Por outro lado, alguns pais, para não viverem em constante briga ou desentendimento com os seus filhos, buscam contornar os erros dos mesmos, impedindo-os de arcar com as conseqüências dos seus atos. Esse tipo de atitude é injusto também, para com aqueles que estão em formação, pois, as sansões são necessárias para que se possam vivenciar a reciprocidade nas relações, e para que, se possa tomar consciência da legitimidade da regra quebrada. “Constatamos que a sanção que parece mais justa no estágio da cooperação é aquela que deriva da idéia da reciprocidade”. (Piaget, 1932/1994, p. 273)

Piaget (1932/1994, p.236) afirma que conforme os resultados de suas pesquisas, o desenvolvimento infantil é marcado por três grandes períodos no tocante a evolução da noção de justiça. O primeiro período se refere aquele em que a justiça está subordinada à autoridade, trata-se da justiça retributiva, já descrita nos parágrafos anteriores, um segundo período no qual a criança vivencia um igualitarismo progressivo, e o último período, marcado pelo acréscimo das preocupações de eqüidade à justiça puramente igualitária.

Acontece frequentemente que os pais ou os professores favorecem a criança obediente em detrimento das outras. Tal desigualdade de tratamento, justa do ponto de vista retributivo, é injusta do ponto de vista distributivo. (Piaget, 1932/1994, p. 200).

Um pai que tem dois filhos deve sempre agir do mesmo modo com os dois? Caso a pergunta fosse outra ainda: É justo um pai punir um filho desobediente deixando-o sem presente e presenteando os outros filhos obedientes?
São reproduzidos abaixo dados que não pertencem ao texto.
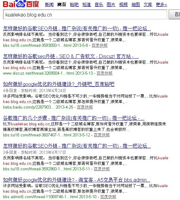 百度上周发布了判断外链的方法,让大家对外链有了重新认识,首先很明确是指出了链接要自然,是用户自然推荐的,这样的链接才算有意义,所以我们现在如何去发好外链?签名外链似乎没有什么作用了,什么样的外链才可以去好好利用?官方没有明确指出纯文本外链是否有权重,是否有投票的性质,我们都不知道,还是得自己去实验,自己去探索。百度的排名因素都是根据千万种算法合在一起来给出排名的。下面我告诉大家怎样才能知晓纯文本是否有用?现在我和大家谈谈纯文本外链。 首先来判断纯文本外链到底是否有用,站长们有安装过百度站长工具都可以去看下,有些网站只能发纯文本外链,你可以去网站上发上十几篇,等到收录后,你去网站后台看外链来源,很明显百度是给出了你纯文本外链的域名来源,说明你所做的纯文本外链是有用。所以站长们学得纯文本外链没既不会带来投票的权重性质,也不会带来流量。所以大多数都放弃了。 再来看看我做的一个实验,我写过一软文,在文章中自然合理地加入了一个当天新注册博客地址,这个是纯文本博客地址,后来文章被许多网站转载,第二天,我去查下那个博客的收录,当天就收录了主页。我给出了截图,大家可以去分析下。这就足够证明纯文本外链还是有用的。如图:

A primeira questão diz respeito à noção de justiça distributiva, que se define pela igualdade e a segunda diz respeito à noção da justiça retributiva, relacionada a sansão.

Quanto à segunda pergunta precisa ser subdividida: pensando que os dois são filhos e que têm direitos comuns, a resposta seria sim, um pai deve agir do mesmo modo com os dois filhos, mas se os filhos fossem os da segunda pergunta, ou se tratasse de um filho bebê e outro adolescente, é impossível que os pais ajam da mesma maneira com ambos. No primeiro caso, o pensamento diz respeito à justiça distributiva por igualdade:

Mas, para que haja real igualdade e autêntica necessidade de reciprocidade, é necessária uma regra coletiva, produto sui generis da vida em comum: é preciso que, das ações e reações dos indivíduos uns sobre os outros, nasça a consciência de um equilíbrio necessário, obrigando e limitando, ao mesmo tempo, o alter e o ego. Este equilíbrio ideal entrevisto por ocasião de cada disputa e cada pacificação, supõe naturalmente, uma longa educação recíproca das crianças, umas pelas outras. (Piaget, 1932/1994, p.239)
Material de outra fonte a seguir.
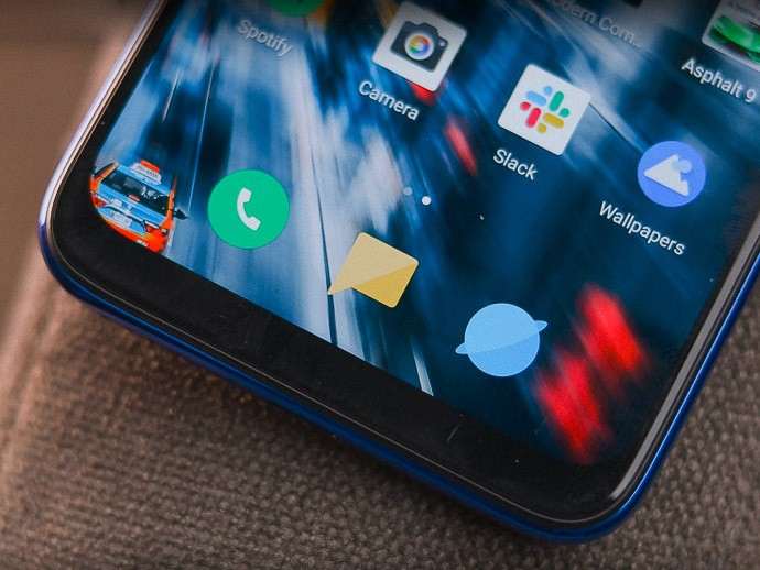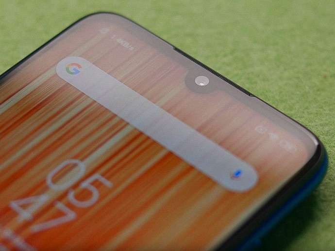 Лицевую панель занимает 6.3 дюймовый экран, покрытый стеклом Gorilla Glass 5 с неплохим олеофобным слоем. Каплевидный вырез вмещает в себе 13-мегапиксельную фронталку и датчики освещенности/приближения, над ним идет тонкая полоска разговорного динамика. Соотношение экрана к корпусу составляет 81.63%, к примеру, у доступного Galaxy A30 этот показатель равен 85%, так что работать есть над чем.

Com relação ao segundo caso, ou seja, pensando que cada filho é um, com suas necessidades, suas características, suas dificuldades, o genitor precisa levar em conta todos esses fatores para ser justo. Segundo Piaget: “O igualitarismo simples cede passo diante de uma noção mais refinada de justiça, que podemos chamar a “equidade”, a qual consiste em nunca definir a igualdade sem considerar a situação particular de cada um”. (Piaget, 1932/1994, p.216).

Assim a justiça que os pais ensinam aos seus filhos é muito mais aquela que os seus atos revelam na convivência e nas relações diárias, que a justiça pregada ou verbalizada nas lições de moral. Um pai pode falar e não agir conforme as suas palavras? A resposta é não.
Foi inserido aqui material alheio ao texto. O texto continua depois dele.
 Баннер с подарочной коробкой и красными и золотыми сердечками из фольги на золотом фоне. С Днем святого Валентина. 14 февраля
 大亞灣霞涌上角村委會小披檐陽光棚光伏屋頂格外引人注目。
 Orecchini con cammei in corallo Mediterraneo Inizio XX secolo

A autoridade como tal não poderia ser fonte de justiça, porque o desenvolvimento da justiça supõe a autonomia. Naturalmente, isto não significa que o adulto não tenha nada a ver no desenvolvimento da justiça, mesmo distributiva. À medida que ele pratica a reciprocidade com a criança e prega com o exemplo e não apenas com as palavras, exerce, aqui como em tudo, sua enorme influência. (Piaget, 1932/1994, p.239).

Portanto, trata-se de uma questão de justiça e de reciprocidade: o dever dos filhos de respeitar aos pais implica que os pais respeitem os filhos também. Em outras palavras, a proposta do respeito mútuo, da obediência aos princípios de justiça que nascem das relações de cooperação, é o caminho único para a construção da autonomia.